Bug 1169935
| Summary: | Inconsistent behaviour between multipath and multipathd | |||
|---|---|---|---|---|
| Product: | Red Hat Enterprise Linux 7 | Reporter: | Harald Hoyer <harald> | |
| Component: | device-mapper-multipath | Assignee: | Ben Marzinski <bmarzins> | |
| Status: | CLOSED ERRATA | QA Contact: | Lin Li <lilin> | |
| Severity: | urgent | Docs Contact: | ||
| Priority: | urgent | |||
| Version: | 7.0 | CC: | agk, bmarzins, bmcclain, cshao, ecohen, fdeutsch, gklein, harald, heinzm, huiwa, iheim, jbrassow, leiwang, lilin, lilu, lsurette, msnitzer, nbarcet, prajnoha, qe-baseos-daemons, rbarry, snagar, systemd-maint-list, virt-bugs, yaniwang, yanwang, ycui, zkabelac | |
| Target Milestone: | rc | Keywords: | Triaged | |
| Target Release: | 7.0 | |||
| Hardware: | Unspecified | |||
| OS: | Unspecified | |||
| Whiteboard: | ||||
| Fixed In Version: | device-mapper-multipath-0.4.9-78.el7 | Doc Type: | Bug Fix | |
| Doc Text: |
Cause: When multipath doesn't already have a device's WWID in its wwids file, it will not claim the device immediately upon seeing it. However, it may claim the device later.

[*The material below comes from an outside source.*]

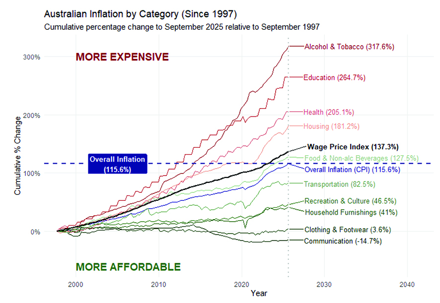 Unfortunately, not everything is getting more abundant. Below is the data for Australian inflation categories since 1997 all the way to September 2025.

Consequence: During boot, this can cause multipath to claim a device after it has started to be used directly by the machine, which can keep if from being completely usable either through multipath or directly.
Fix: multipath now has a new multipath.conf configuration option, "ignore_new_boot_devs". If this is set, in the initramfs, multipath will never set itself up on a device that doesn't already have it's WWID in the wwids file
Result: devices whose WWID is not listed in the wwids file will always be usable directly in the initramfs.
|
Story Points: | --- | |
| Clone Of: | 1167620 | |||
| : | 1248227 (view as bug list) | Environment: | ||
| Last Closed: | 2015-11-19 12:56:16 UTC | Type: | Bug | |
| Regression: | --- | Mount Type: | --- | |
| Documentation: | --- | CRM: | ||
| Verified Versions: | Category: | --- | ||
| oVirt Team: | --- | RHEL 7.3 requirements from Atomic Host: | ||
| Cloudforms Team: | --- | Target Upstream Version: | ||
| Embargoed: | ||||
| Bug Depends On: | ||||
| Bug Blocks: | 1248227 | |||
|
Comment 2
Harald Hoyer
2014-12-02 19:03:31 UTC
I don't think this the issue. First off, multipath will failback to getting the information from the environment:
value = udev_device_get_property_value(pp->udev, pp->uid_attribute);
if ((!value || strlen(value) == 0) && conf->cmd == CMD_VALID_PATH)
value = getenv(pp->uid_attribute);
"multipath -c" sets conf->cmd to CMD_VALID_PATH
Second, there is nothing at all inconsistent between multipath -c thinking sda is not a multipath device, and it being added by multipathd. sda will not be counted as a valid path until it's WWID is in /etc/mutipath/wwids. This doesn't happen until after the multipath device is created by multipathd, and that can't happen until after multipathd adds the path.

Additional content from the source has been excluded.